1 Rayons Crépusculaires (2007-2008)
für Große Trommel, großes Ensemble in drei Gruppen und Achtkanal-Live-Elektronik
Ensemble musikFabrik: Dirk Rothbrust, Schlagzeug solo · Helen Bledsoe, Flöte/Altflöte/Bassflöte · Peter Veale, Oboe · Carl Rosman, Klarinette/Bassklarinette · Alban Wesly, Fagott/Kontraforte · Christine Chapman, Horn · Marco Blaauw, Trompete · Bruce Collings, Posaune · Ulrich Löffler, Klavier · Mirjam Schröder, Harfe · Juditha Haeberlin, Violine · Annette Walther, Violine · Axel Porath, Viola · Dirk Wietheger, Violoncello · Håkon Thelin, Kontrabass
Klangregie: Max Bruckert, (GRAME, national center for musical creation)
Leitung: Daniel Kawka

2 Monochromer Garten II (2011)
für Bassklarinette, Baritonsaxofon und Posaune
Parkhaus Trio: Ernesto Molinari, Bassklarinette · Marcus Weiss, Baritonsaxofon · Uwe Dierksen, Posaune

3 Sensitive Chaos (2010)
für E-Gitarre, Trompete, Posaune, zwei Schlagzeuger, Klavier und Violoncello
Ensemble ascolta: Markus Schwind, Trompete · Andrew Digby, Posaune · Erik Borgir, Violoncello · Florian Hoelscher, Klavier · Hubert Steiner, E-Gitarre · Boris Müller und Martin Homann, Schlagzeug
Leitung: Michael Alber

4 Prayer / Inori (2011)
für gemischten Chor a cappella
Tokyo Philharmonic Chorus
Leitung: Chifuru Matsubara

5 Du firmament (2001-2002)
für Orchester
hr-Sinfonieorchester
Leitung: Lucas Vis


Lebenslauf

1971 in Kyoto/Japan geboren. Jurastudium in Kyoto (Diplom 1994). Ab 1995 Kompositionsstudium bei Yoshihisa Taira an der L´Ecole Normale de Musique de Paris1999 bis 2003 Studium bei Robert Pascal am Conservatoire National Supérieur Musique et Danse de Lyon, 2004-05 Jahreskurs am IRCAM Paris für Computermusik.

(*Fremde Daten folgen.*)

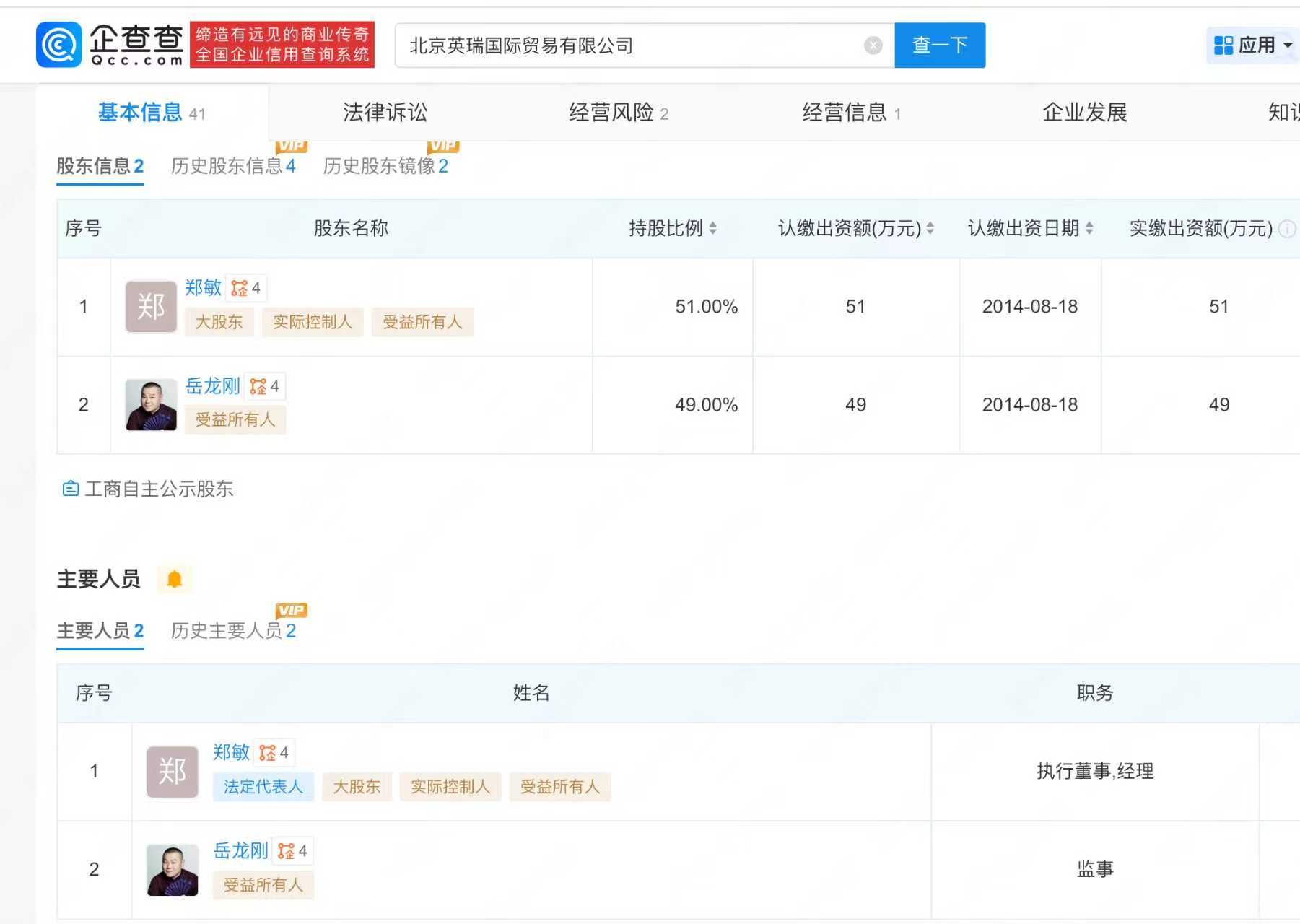 北京英瑞国际贸易有限公司成立于2014年,位于北京市石景山区,是一家以从事批发业为主的企业。岳云鹏真名岳龙刚,合手有该公司49%的股权,并担任公司监事。

Zahlreiche Aufführungen bei internationalen Festivals, wie bei Ultraschall Berlin, ensembl[:E:]uropa (WDR), Forum Neue Musik (hr), Présences (Radio France), Biennale Musiques en Scène (Lyon), Multiphonies (GRM/Paris), Musica (Strasbourg), Rai NuovaMusica, Alicante Music Festival, Ultima (Oslo). Zusammenarbeit u.a. mit dem Orchestre National de Lyon, Orchestre Philharmonique de Radio France, dem Deutschen Symphonie-Orchester Berlin, hr-Sinfonieorchester, Orchestra Sinfonica Nazionale della RAI, Tokyo Philharmonic Chorus, Oslo Sinfonietta, Ensemble Orchestral Contemporain, Ensemble musikFabrik sowie mit Dirigenten wie Pascal Rophé, Daniel Kawka, Fabrice Pierre, Lucas Vis, Christian Eggen und Jean-Michaël Lavoie.

Zu den Auszeichnungen Kishinos zählen Preise bei der 70. Japan Music Competition (2001), der 1. Preis des Concours de GRAME und des Ensemble Orchestral Contemporaine (2006), Stipendien des Experimentalstudios des SWR (2007, 2009), des ZKM Karlsruhe (2008), der Akademie Schloss Solitude (2008, 2009), der Landesregierung Nordrhein-Westfalen (2010) und des Künstlerhofs Schreyahn (2011).